Sometime after new flies and moving down river, I looked off to the west, expecting to see more sun. Instead, I saw gray—lots of it. Then, I looked upriver and saw Ben, about two hundred yards away, still fishing his dry which meant he had probably caught one on it already. Another look down river showed me the gray had become a rain cloud and it was moving up the river valley, fast. I heard that distinct and haunting whisper then growl of wind rushing through bare trees. I reeled in my line and made for the bank. Having been through enough winters in Oregon, I always carry my raingear with me after November first. While making myself as resistant to a storm as possible, I looked back up stream to see if Ben was making for the bank, or at least aware that something was coming. He hadn’t moved from his spot. I suspect that he was in that special place fishermen who’ve been away from the river for too long sometimes find on their return. The Shangri-la of the mind where cast and fly and river and fish are all that matter, are all that exist. For a moment I thought about shouting, then thought against it. Such restraint against unsolicited advice forms the bedrock of any lasting relationship. Sometimes people get stuck in a rainstorm. Besides, I had my own problems to worry about and Ben would figure things out eventually.
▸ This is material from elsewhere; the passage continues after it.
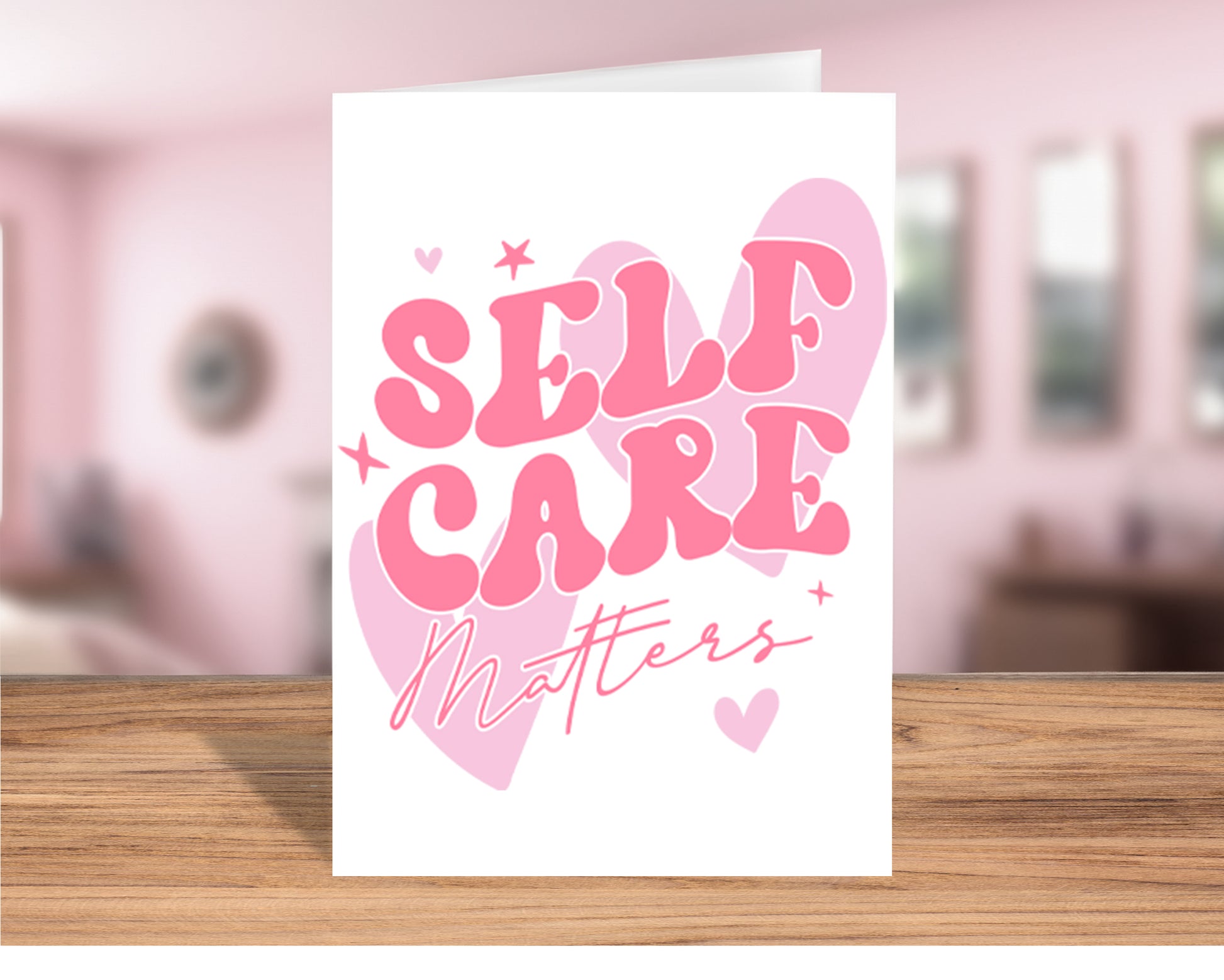 Remind someone special to prioritize their well-being with our "Self-Care Matters" greeting card. Perfect for a boyfriend, girlfriend, mentor, or anyone on a journey of self-love and healing, this card is a thoughtful way to show your support. Whether it’s for Valentine’s Day, a recovery card, or a meaningful gift for her or him, this unique design emphasizes the importance of self-compassion and care. Share an inspirational message that encourages taking time to recharge and love oneself with this beautifully crafted support card, perfect for any occasion.

Jacket on, I felt the first suck of the wind followed close by the sharp sting of rain hitting cold ears. I pulled my hood up just as the skies opened. It was a deluge. One of those cloud bursts that gathered speed and water as it came across the reservoir. The first rush of rain washed Ben from my sight. Visibility fell to about fifty feet. The wind screamed. Trees bent over. Rain came down in sheets, sideways. I hunkered behind a boulder, sheltering from the gusts. Water ran off the brim of my hat in a steady stream. The temperature dropped and in an instant there was sleet stinging my hands and bouncing all around me. I laid my rod down and tucked my hands into my armpits letting a stout rain jacket and waders do their thing. Happily, they worked.

The worst lasted fifteen minutes before things let up enough to see the river. When they did, I looked and saw Ben, in the same spot, casting to the same pool, the only change being he had his hood up. I watched him for a while. Ben has a beautiful cast, the kind that just lays out as if the river gods themselves were whispering his fly down to the water. Even with a wind tearing up the valley, he was hitting his pockets. It was magnificent. The ragged, tailing fury of the storm chasing itself up the valley. Ben. His cast. The late-morning light. The feel of the cold turning to warm on my cheek. The white blanket of sleet just on the edge of the blackberry. The jewels of raindrops clinging to the lichen on my sheltering boulder. Then back to Ben and his damn cast. For the first time in my life I found myself fishing vicariously. With every one of his casts, I willed a fish to his fly. I willed and imagined and envisioned some monster from the deep coming up as the storm had come down. I wanted to hear his yawp—the cry of elation that inevitably follows on the whole world coming right in an instant. It’s the closest I’ve come to prayer in a long time.

Of course, there was no fish—at least not on those few vicarious casts. But there was beauty. The sort of beauty that stays in your memory like the smell of the earth after the rain. That makes it a good memory. One that I look forward to recalling every now and again. The good kind of fishing memory that doesn’t end in a fish but rather with the anticipation of a promise to fill.